Send back the line that contains "С главной страницы" and all lines following it through the end of the data below, exactly, omitting pictures.

**The input**.
___

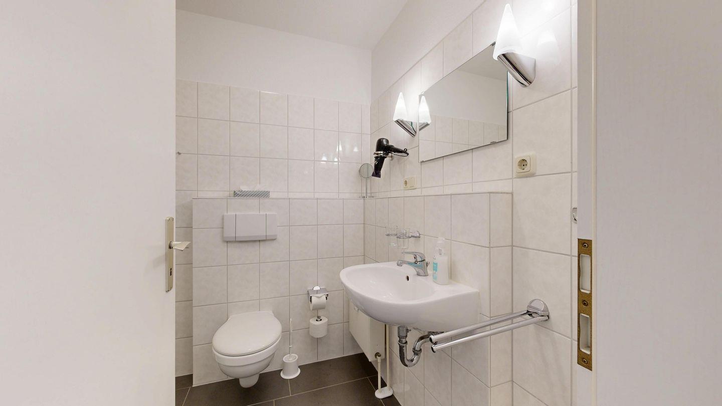 * Dusche (Tiefeinsteiger), WC, Haartrockner
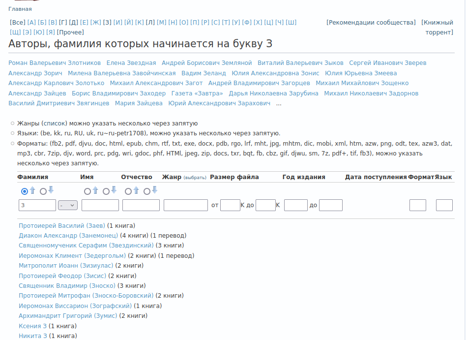 С главной страницы доступен поиск по каталогу авторов.
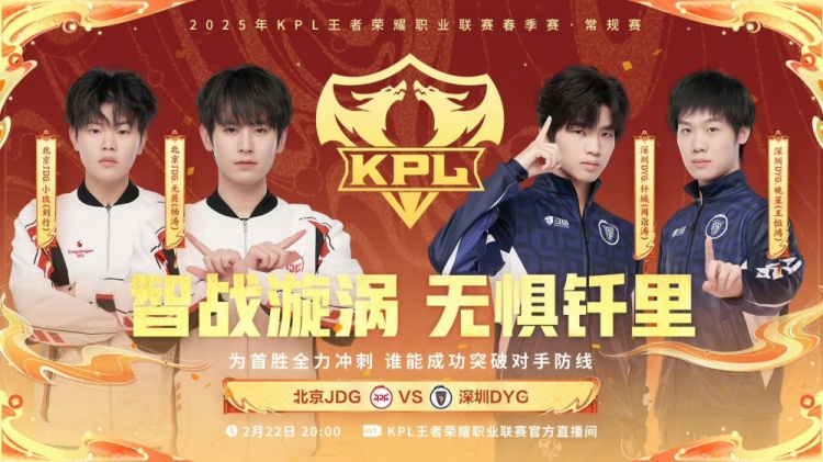 直播吧2月22日讯 2025KPL春季赛今日压轴比赛是由北京JDG对阵到深圳DYG!
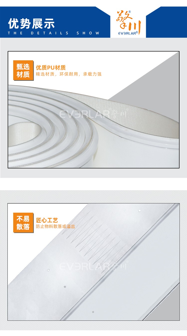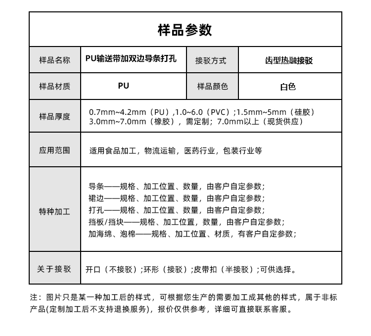 • 產(chǎn)品名稱:白色PU輸送帶加雙邊導(dǎo)條打孔耐磨耐油抗拉力強工業(yè)皮帶
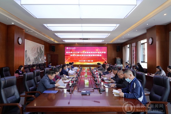 本网讯 11月1日下午,2023年10月高等教育自学考试评卷学科大组长培训会暨试卷切割会在信息楼二楼会议室召开。万象城网页版党委委员、副校长任洁,贵州省招生考试院自考处处长张果、省招生考试院保密监察室一级调研员李莉出席会议,万象城网页版国家教育考试评卷基地办公室负责人,贵州大学、贵州师范大学、贵州医科大学、万象城网页版各评卷学科大组长,深圳市海云天科技股份有限公司项目负责人参加会议。会议由万象城网页版评卷基地办公室副主任、继续教育学院副院长何荣主持。

___

**Exercise result**.
 С главной страницы доступен поиск по каталогу авторов.
 直播吧2月22日讯 2025KPL春季赛今日压轴比赛是由北京JDG对阵到深圳DYG!
 • 產(chǎn)品名稱:白色PU輸送帶加雙邊導(dǎo)條打孔耐磨耐油抗拉力強工業(yè)皮帶
 本网讯 11月1日下午,2023年10月高等教育自学考试评卷学科大组长培训会暨试卷切割会在信息楼二楼会议室召开。万象城网页版党委委员、副校长任洁,贵州省招生考试院自考处处长张果、省招生考试院保密监察室一级调研员李莉出席会议,万象城网页版国家教育考试评卷基地办公室负责人,贵州大学、贵州师范大学、贵州医科大学、万象城网页版各评卷学科大组长,深圳市海云天科技股份有限公司项目负责人参加会议。会议由万象城网页版评卷基地办公室副主任、继续教育学院副院长何荣主持。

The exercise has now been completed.